If you go to your job's page, and add "api" to the end of the URL, you'll get information on using the API.
http://yourjenkins/job/job_name/api
More information on using the Jenkins API:
https://wiki.jenkins-ci.org/display/JENKINS/Remote+access+API
If you're comfortable with digging through the Jenkins Java API, you could write a system Groovy script to get this data. The Job class is the place to start.

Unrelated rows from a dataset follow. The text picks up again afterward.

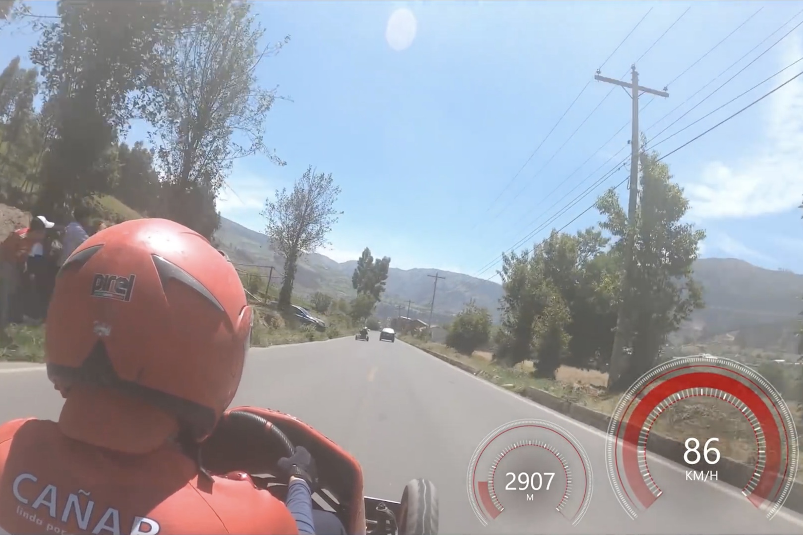 Above them sit their pneumatic-tired cousins, which touch the upper 40s. Then come “free force” prototypes with metal frames, composite bodies, and four-wheel suspension that can exceed 60 mph. And as shown in onboard footage from prototype-class Coches competitors Marco and Cesar Zumba, these cars can haul ass on all surfaces.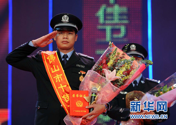 2009年,林伟光荣获首届“佛山市十佳卫士”称号(资料照片)。新华社发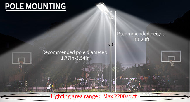 The recommended installation height: is 16ft-20ft. The illumination coverage is up to 2200sq.ft.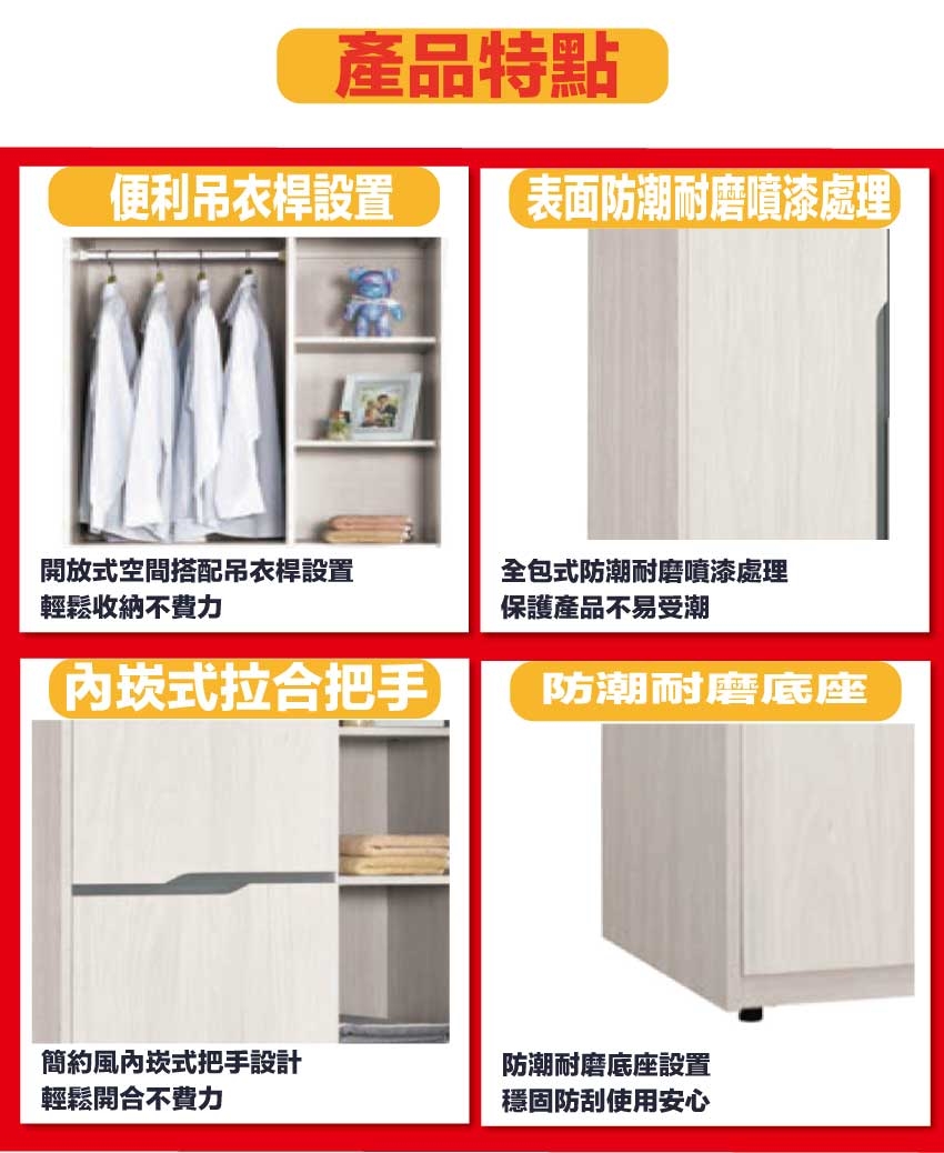 材質:防蛀木心板+防潮耐磨腳座+防夾手緩衝門片五金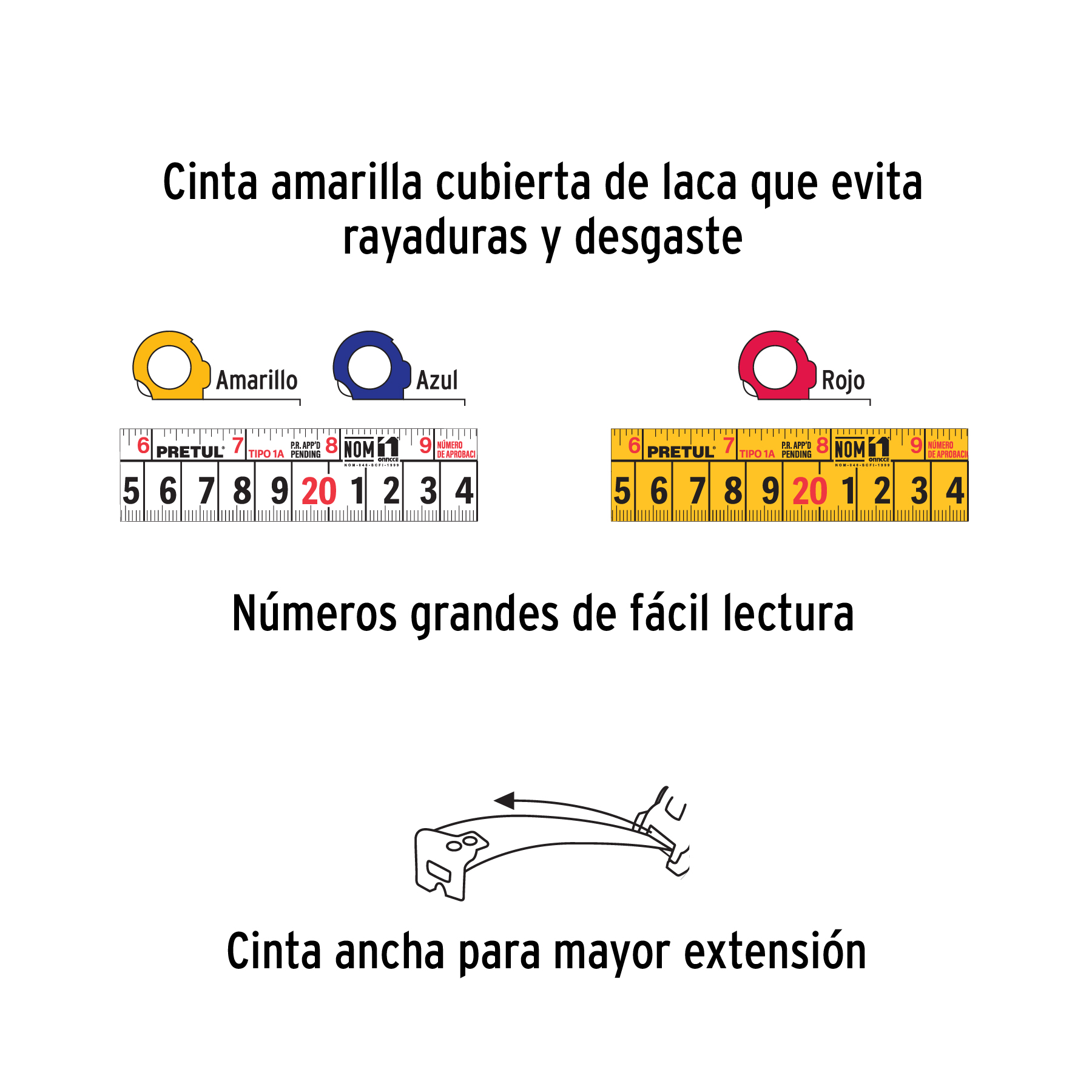 Flexómetros 3 m, cinta 13 mm en display box, 24 pzas, Pretul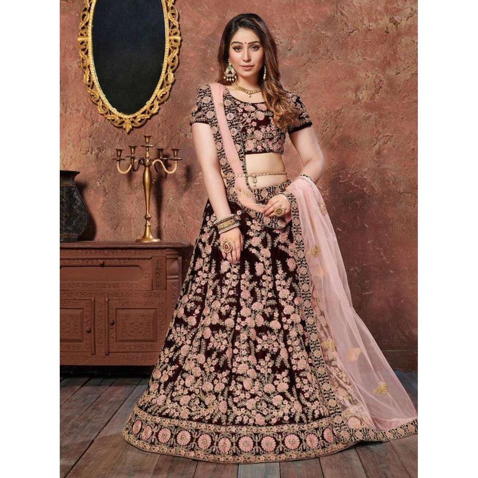 Lehenga Choli Velours en soie brodé de fil marron foncé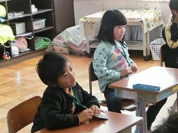火曜日のEnglishの時間の続きです。今度は担任の先生がカードを少しずつ見せながら出しています。「なにかな?」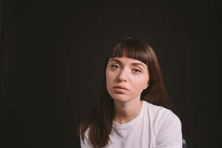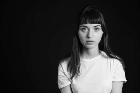 Studio portrait of a pretty brunette woman in a white blank t-shirt, against a plain black background, looking at camera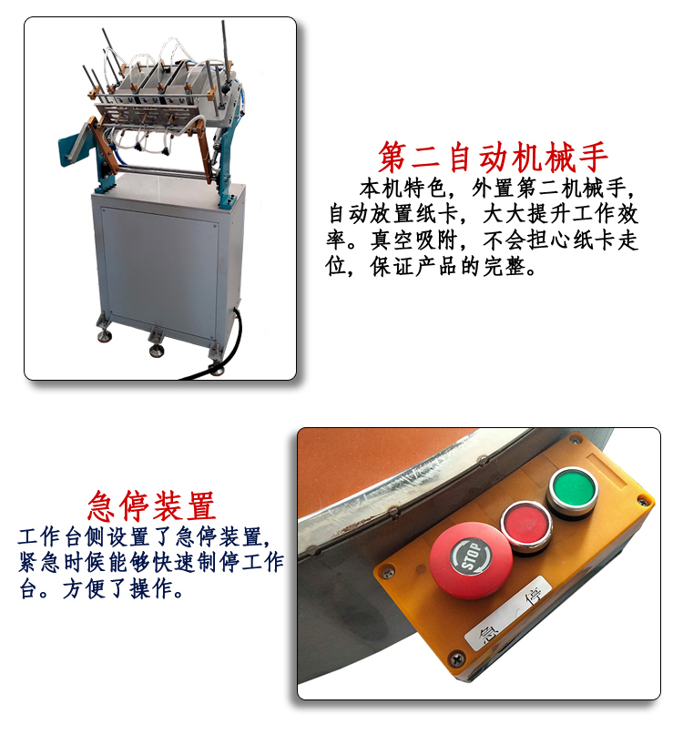 順德五金吸塑包裝機此機只需要一個工人操作,而且只重復(fù)做一個動作就可以,避免工人出錯,工人包裝時只需要把吸塑和包裝的物品放在模具上,取紙卡機械手自動把紙卡放在模具內(nèi),壓合好后取料機械手會自動把壓合包裝好的產(chǎn)品取出來,節(jié)省了一個放紙卡和取料工人,不像傳統(tǒng)的鏈條式吸塑封口機要做12套模具從而增加了模具成本

As stated on the /api page of your build (chapter "Accessing Progressive Console Output"), you can poll the console output with a GET request by calling <url-to-job>/lastBuild/logText/progressiveText. To quote the API doc:
If the response also contains the X-More-Data: true header, the server is indicating that the build is in progress
And there you go. You can test this behaviour by simply calling the respective URL in your browser and then inspecting the response headers with your browser's developer tools (usually accessed by pressing F12). In Firefox, the respective tab is called "network analysis" (assuming my translation is correct, my browser is not set to English). In Chrome, navigate to the "Network" tab.
This answer is based on Jenkins version 2.176.3.
It is also possible to look at the color attribute. I know it is not the wanted way. But maybe someone can make use of it.
get the overview xml via "/job/api/xml" and then check the color attribute for "anim".